“Memasuki Olimpiade ini, ini adalah hal paling membahagiakan yang pernah saya rasakan,” kata Carli Lloyd setelah tempatnya di tim Olimpiade USWNT dipastikan. Dan itu adalah hal yang luar biasa untuk dikatakan kepada seseorang yang berprestasi seperti Lloyd. Lebih dari 300 caps untuk Amerika Serikat, dua medali emas Olimpiade, dua gelar Piala Dunia, dua penghargaan Pemain Terbaik FIFA, dan pada tahun 2015 ia dirayakan sebagai pahlawan olahraga nasional karena hat-trick final Piala Dunia yang spektakuler.
Menyebutnya sebagai hal paling membahagiakan yang pernah dia rasakan mungkin juga bukan hiperbola. Itu bukan gayanya. Lloyd selalu blak-blakan dan jujur dalam menyampaikan pendapatnya kepada media. (Lihat: reviewnya tentang keripik ayam buatan sponsornya, Gone Rogue. “Wah, rasanya hampir seperti daging, diberi sedikit garam, dan sedikit renyah,” ujarnya saat ditanya seputar produknya) . Jika Lloyd mempunyai sudut pandang terhadap sesuatu, dia tidak akan ragu untuk membagikannya dan mempertahankannya.
“Kedengarannya sangat klise, saya hanya merasa segalanya menjadi seperti lingkaran penuh,” katanya. “Ada beberapa perubahan dalam hidup saya dan keluarga saya kembali dalam hidup saya. Mereka adalah bagian dari Olimpiade 2008. Dan setelah itu, Anda tahu, kami tidak memiliki hubungan apa pun. Jadi ya, saya hanya merasa lebih ringan. Itulah kata-katanya.”

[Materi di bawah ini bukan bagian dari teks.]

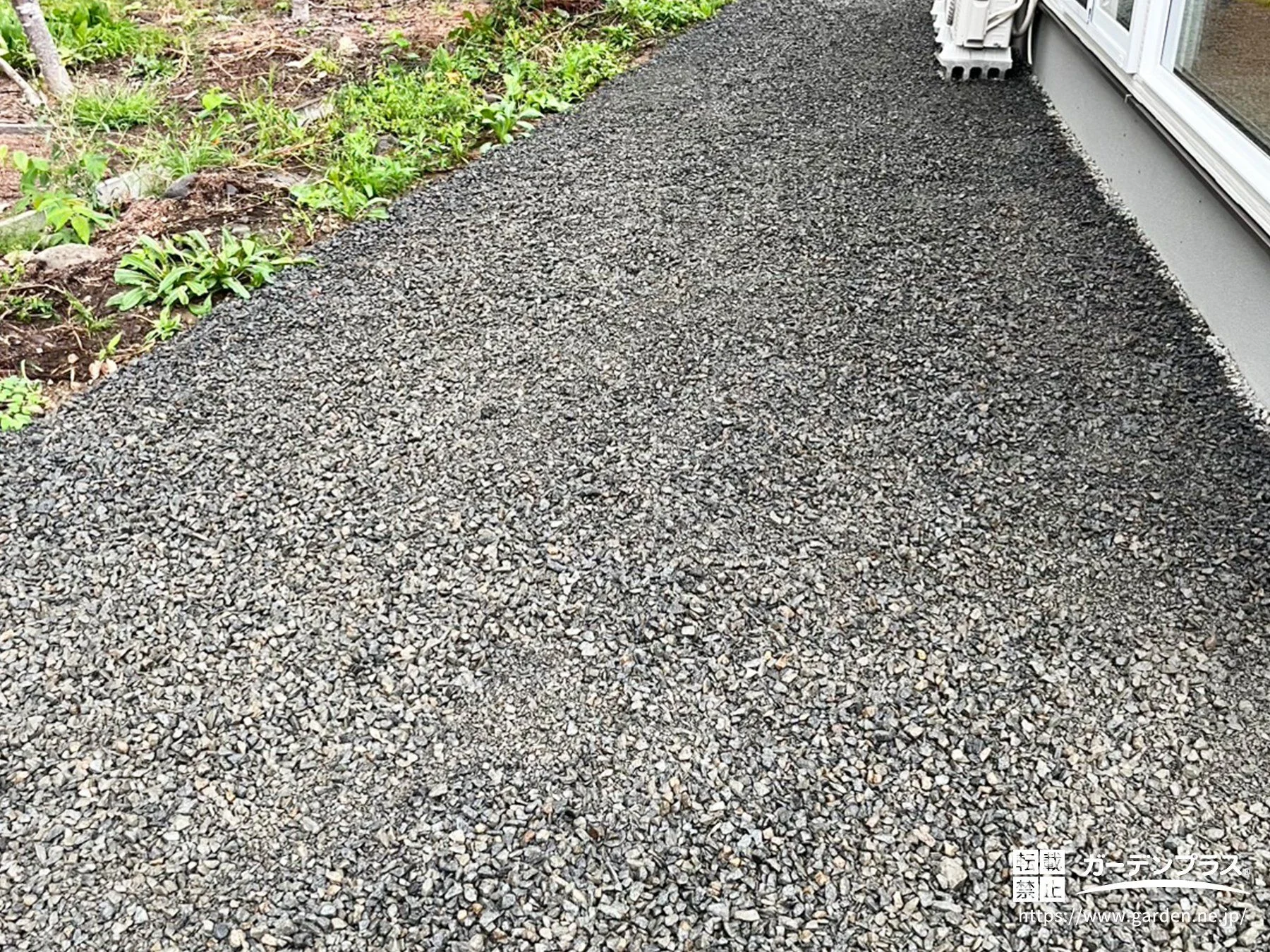 駐車スペースは転圧仕上げで安定感があり、雨の日も水はけがよく快適に使えます。建物まわりや犬走りには防草シートと砂利を敷設し、雑草の発生を抑えつつすっきりとした印象に。自然に囲まれた環境の中でも、日々の手入れがしやすく、清潔感を保てる建物周りです。
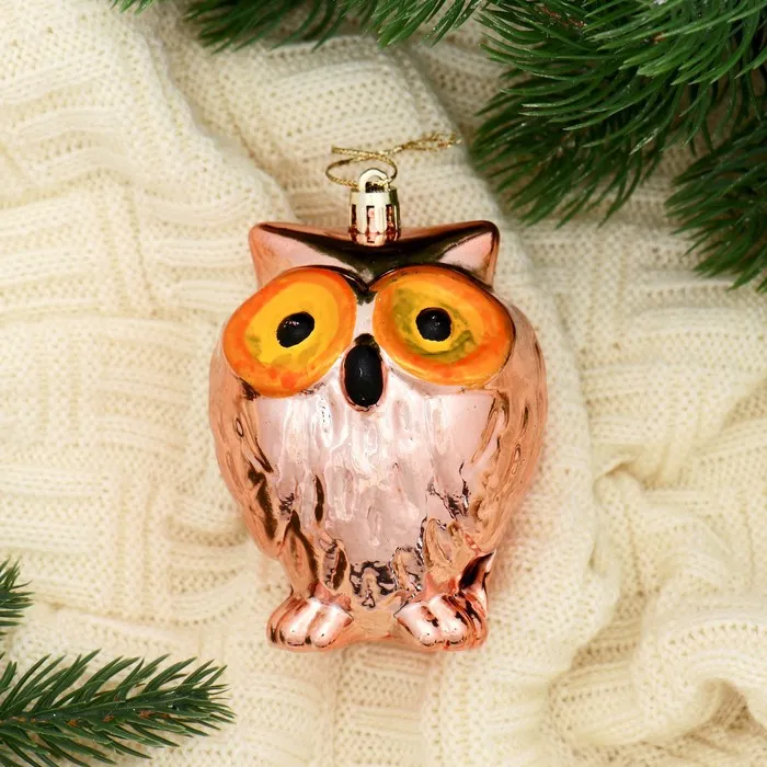 Ёлочная игрушка в виде совы — это необычный и запоминающийся элемент новогоднего декора. Фигурка выполнена в ретро-стиле с резными деталями, создающими эффект старинной игрушки. Она органично впишется в разные оттенки праздничного оформления — от традиционной ёлки до современного интерьера.

Lloyd secara terbuka merinci bagaimana dia tidak dekat dengan keluarganya selama lebih dari 10 tahun, meletakkannya di halaman memoarnya bagaimana dia mulai berlatih dengan pelatih lokal New Jersey James Galanis, memperdalam keretakan yang berpuncak pada Lloyd meninggalkan rumah keluarganya. Namun pada upacara penampilan 300 capsnya sebelum pertandingan Amerika Serikat melawan Nigeria di Austin, ada keluarganya – ibu, ayah, saudara laki-laki, saudara perempuan, pasangan mereka, teman keluarga, suami Lloyd, Brian – ibunya menangis saat dia berdiri setelahnya. perkiraan tidak. 300 kaos.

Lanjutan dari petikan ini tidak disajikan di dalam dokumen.